The investigations also led to Ranbaxy – then under Daiichi’s management control – being asked to pay $500 million in settlement to the US Department of Justice.

Arbitration Court’s Observations

The existence of SAR in the hands of US authorities meant that Ranbaxy shares were ‘pregnant with disaster’ at the time they were acquired by Daiichi... But for the misrepresentations (by Malvinder Singh and others), the transaction would not have been entered into all by Daiichi… had Daiichi been aware of the SAR it would not have paid any price for (Ranbaxy) shares.
Arbitration Court’s Observation

The arbitration court in its order further observed that Malvinder Singh had been hiding facts from the Daiichi since the beginning of talks for negotiations.

Malvinder Singh misguided Daiichi, with “carefully crafted language,” claiming that the DOJ investigations were merely a “fishing expedition.” and that it was a conspiracy initiated by its competitor Pfizer.

The court observed that these were not “honest answers”, and were aimed at coercing Daiichi into entering the consequent agreements.
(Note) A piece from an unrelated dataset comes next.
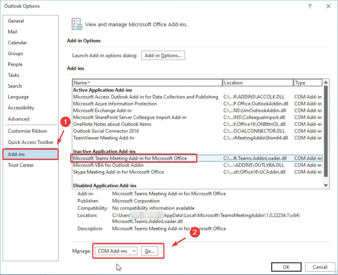 - Check if the Microsoft Teams Meeting Add-in for Microsoft Office is listed under Inactive Application Add-ins or Disabled Application Add-ins.

The tale of lies and deceit, however, does not end there. As revealed by the order, earlier this year, the Singh brothers took it upon themselves to give the story a new spin. Responding to the tribunal, the brothers claimed that documents disclosed to Daiichi before the signing of share purchase revealed enough information to give them“cause” for concern about Ranbaxy being “corrupt.”

The promoters, trying to wash their hands off the problem, claimed that Daiichi ignored fraud concerns and decided to proceed with the purchase.

A claim that was shot down by the court by slapping the slapping of a Rs 3500 crore fine.